Но мы ещё не дали ответа на собственный вопрос: как могло получиться, что вслед за длительным периодом отторжения работника от своего труда и социальной автономии, на протяжении которого солидарность членов социума доминировала над конкуренцией, а качество жизни над накоплением власти и богатства, труд вновь завоевал ключевые позиции в коллективном воображаемом, оказался на самом верху шкалы социально признанных ценностей? С чего бы это весьма обширный слой современных работников рассматривает труд как наиболее привлекательную часть собственной жизни? Отчасти указанное явление связано со значительным ухудшением условий социальной защиты граждан, вызванным тридцатилетним периодом
Имеется ещё один решающий фактор, относящийся к сфере антропологии. Речь идёт об утверждении такой модели жизни, которая полностью нацелена на обогащение, а равно и о сужении самого понятия «богатство» до сугубо экономического его содержания, до «накопления». На самом же деле отождествление богатства и собственности вовсе не является очевидным.
На вопрос «что такое богатство?» мы можем дать два полярно противоположных ответа. Мы можем измерять богатство объёмом принадлежащих нам материальных благ и ценностей, но мы можем также исходить из той меры наслаждения и радости, которую испытывает наше чувственное тело, опираясь на его опыт.
В первом случае богатство отождествляется с объективным количеством материальных благ, во втором с субъективным качеством индивидуального опыта.
Наличные деньги, банковский счёт, экономическое обогащение не единственный фактор вновь проснувшейся любви к труду, которая доминирует в психологическом и экономическом универсуме последнего двадцатилетия. Но, конечно, именно всё перечисленное можно считать решающим фактором.

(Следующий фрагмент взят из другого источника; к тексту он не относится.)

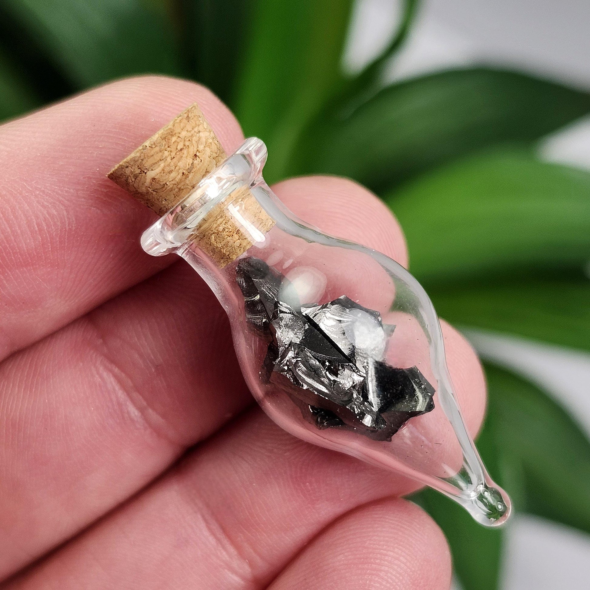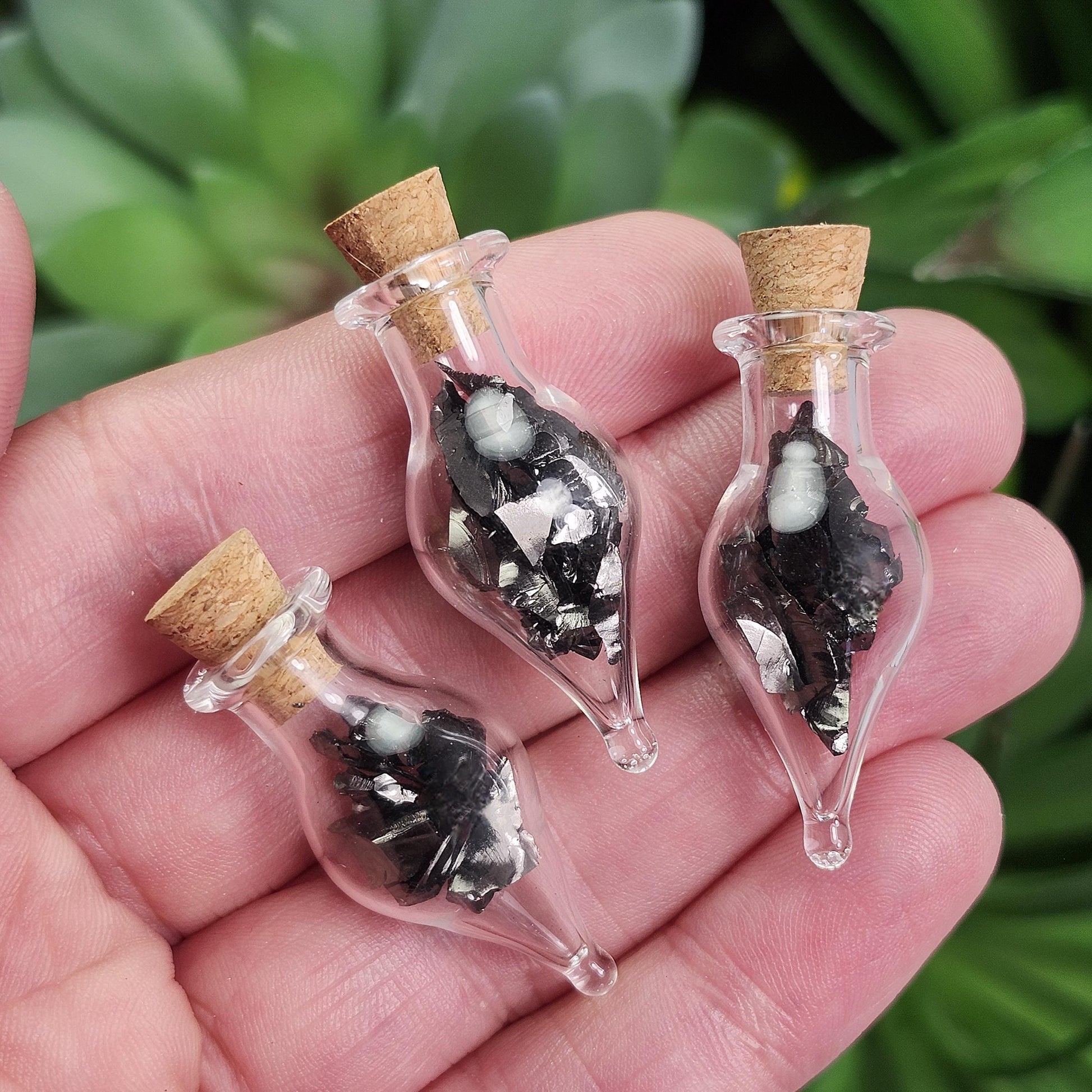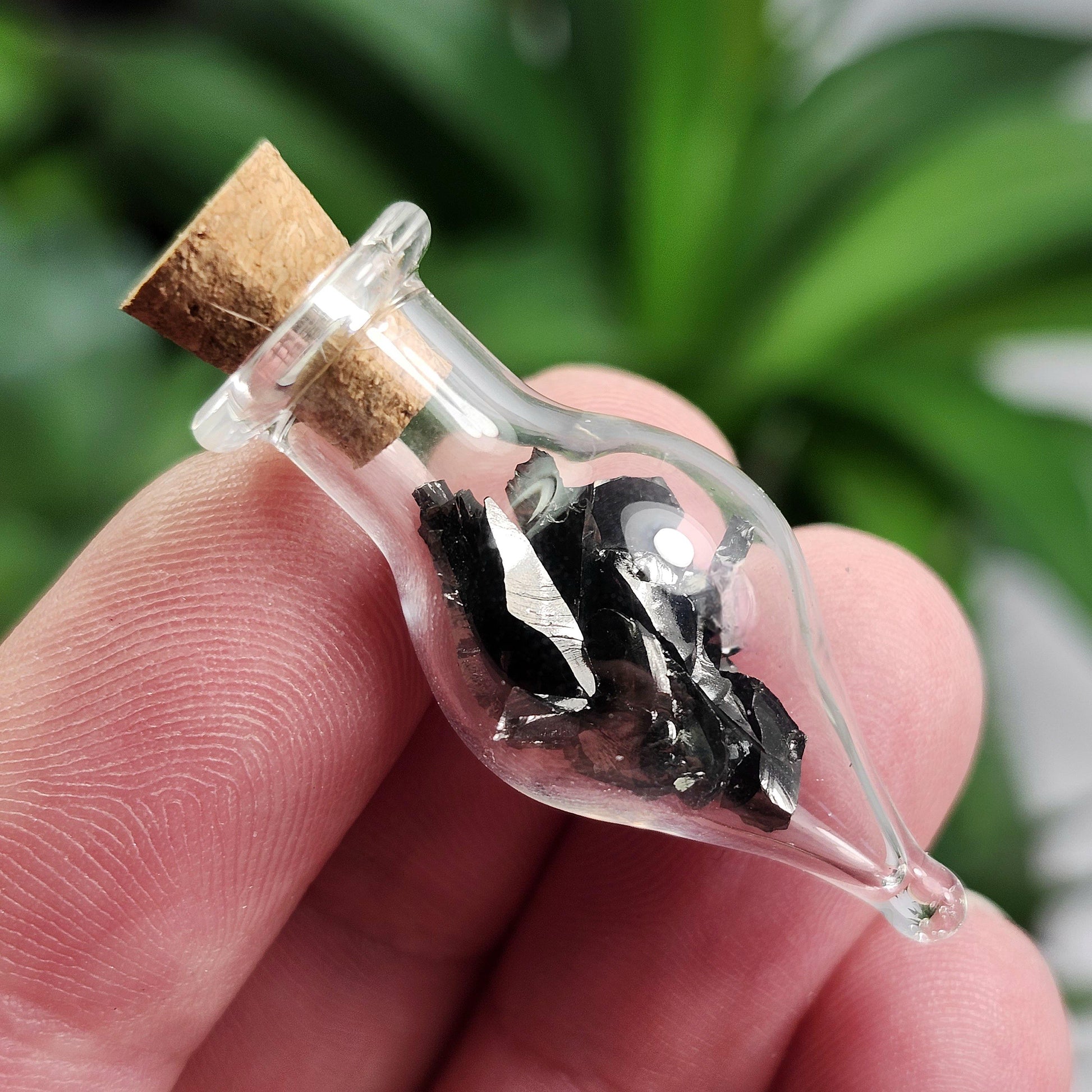 This listing is for ONE (1) Glass Jar with Shungite chips. These authentic Shungite crystals are set into a glass jar and secured with a cork top. The teardrop shaped jars are made of blown glass with a small cork that can be removed to have access to the chips. Each jar measures approximately 30mm by 15mm. *The glass jars are fragile and should be handled with care!
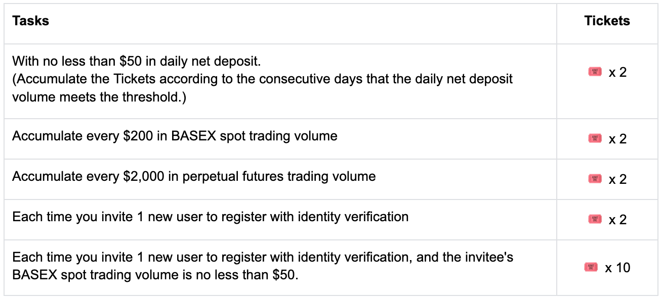 4.The rewards will be in BASEX, with a total prize pool of 2,600,000 BASEX. Participants must complete any BASEX spot trading during the event to be eligible to split the Ticket Prizes Pool. Rewards will be distributed in project tokens within 14 working days after the campaign ends (“Wallet”–“Bill”.) The rewards distribution announcement will be released at Gate News.
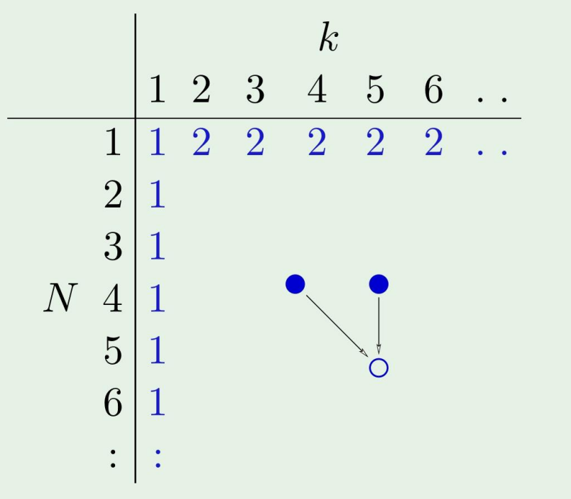 이렇게 나타나는데, 위 식에서 볼수있듯이, k와 k-1을 더하면 그 다음것이 된다.
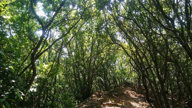 ただ暑い・・・ウバメガシのトンネルの新緑も美しく癒されます。
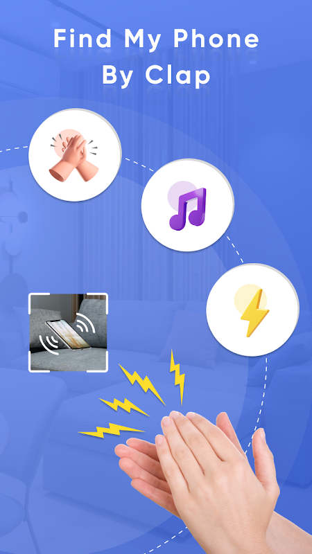 Найти телефон довольно неприятно, если вы регулярно теряете гаджет. разместите это приложение «Найти мой телефон» с помощью Clap Flash и легко найдите потерянное устройство, просто хлопнув в ладоши. Хлопните и найдите потерянный телефон с помощью приложения Find My Phone от Clap Flash. просто хлопните в ладоши и легко найдите телефон с помощью музыкального оповещения. Мы разработали это приложение с учетом всех требований, позволяющих легко найти устройство. Если вы потеряете устройство ночью, вы легко сможете его найти, хлопнув в ладоши или с помощью фонарика. Легко определите точное место, где в последний раз находилось ваше устройство, с помощью приложения Find My Phone от Clap Flash.
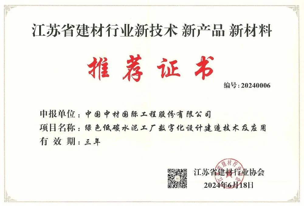 中材国际(南京)“绿色低碳水泥工厂数字化设计建造技术及应用”入选江苏省建材行业新技术新产品新材料推荐目录
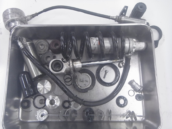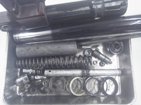 フロントフォークはコンプレッション、リバウンド共にダンピングが不足していましたので、メインピストンを交換して,
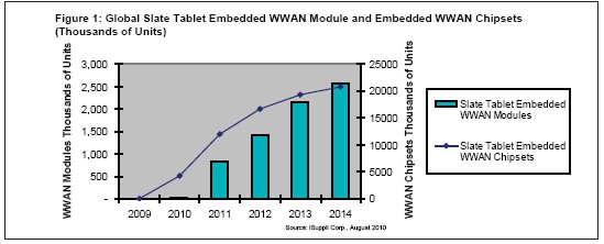 iSuppli公司預(yù)測(cè),到2014年,slate型平板電腦市場(chǎng)的嵌入WWAN芯片組出貨量將達(dá)到2070萬個(gè),而2009年幾乎是零。同時(shí),到2014年slate市場(chǎng)的嵌入WWAN模塊出貨量將達(dá)到210萬個(gè),而2009年出貨量也幾乎是零,其間的復(fù)合年度增長(zhǎng)率高達(dá)498.4%。所謂的slate型平板電腦,包括蘋果公司的iPad。
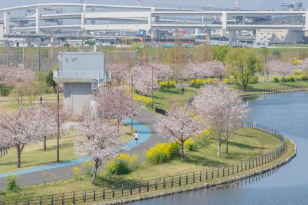 水路が低い位置に流れており、両岸の歩行者通路から桜を眺めることができます。また、その上に高低差約3mの上部通路があるので、水路を見下ろすようにも眺められます。
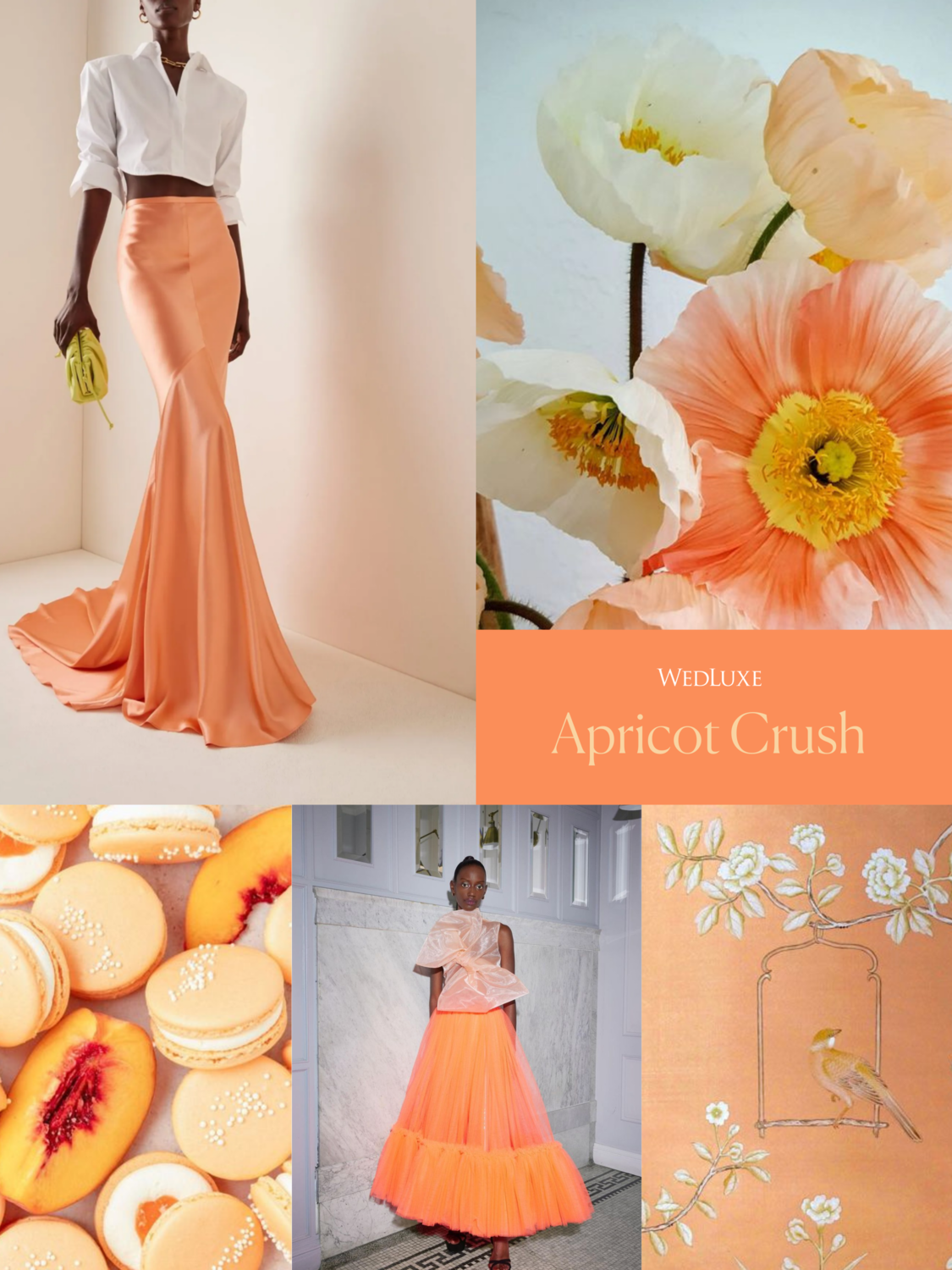The essence of orange (but not quite orange!) is the taste du jour as apricot and tangerine continue to be a core trend. WGSN Trend Forecasters and sister company Coloro color system JUST announced that The Color of Year for 2024 will be APRICOT CRUSH! Pantone also predicted “Tangelo” was a shade to watch for Spring 2023. So whether your creative jumping-off point is a scarf, an orange creamsicle, or an apricot-hued wallpaper, we look forward to your fresh squeeze on this theme.

Экономическая идеология излишне сосредоточена на убеждении, согласно которому любовь к своему труду имеет чисто материальное обоснование, а деньги приносят истинное счастье. Но это лишь полуправда.
И вновь зададимся вопросом: что такое богатство? Разумеется, экономизм может предложить только один ответ на этот вопрос, экономический: богатство есть обладание некими возможностями, которые позволяют потреблять, а именно – обладание деньгами, платёжеспособностью, властью. Увы, данный ответ носит поверхностный и односторонний характер, если не прямо-таки ошибочный. Ведь, по сути дела, это констатация всеобщей нищеты, нищеты даже тех, кто обладает несметными богатствами. Подобный подход основан на понимании богатства как проекции времени, отведённого зарабатыванию денежных средств. Но ведь можно понимать богатство как способность наслаждаться миром – временем, созерцанием, свободой.
Само собой, два указанных определения богатства находятся в резком противоборстве друг с другом. И в состоянии противоборства пребывают не только сами определения. Ведь речь идёт о двух противоположных модальностях отношения к миру, времени и телу. Чем больше времени расходуем мы на приобретение разнообразных средств, предоставляющих возможность потреблять, тем меньше времени остаётся у нас на то, чтобы наслаждаться находящимся в нашем распоряжении миром. Чем больше нервной энергии вкладываем мы в приобретение средств приобретения, тем меньше мы можем вложить её в наслаждение.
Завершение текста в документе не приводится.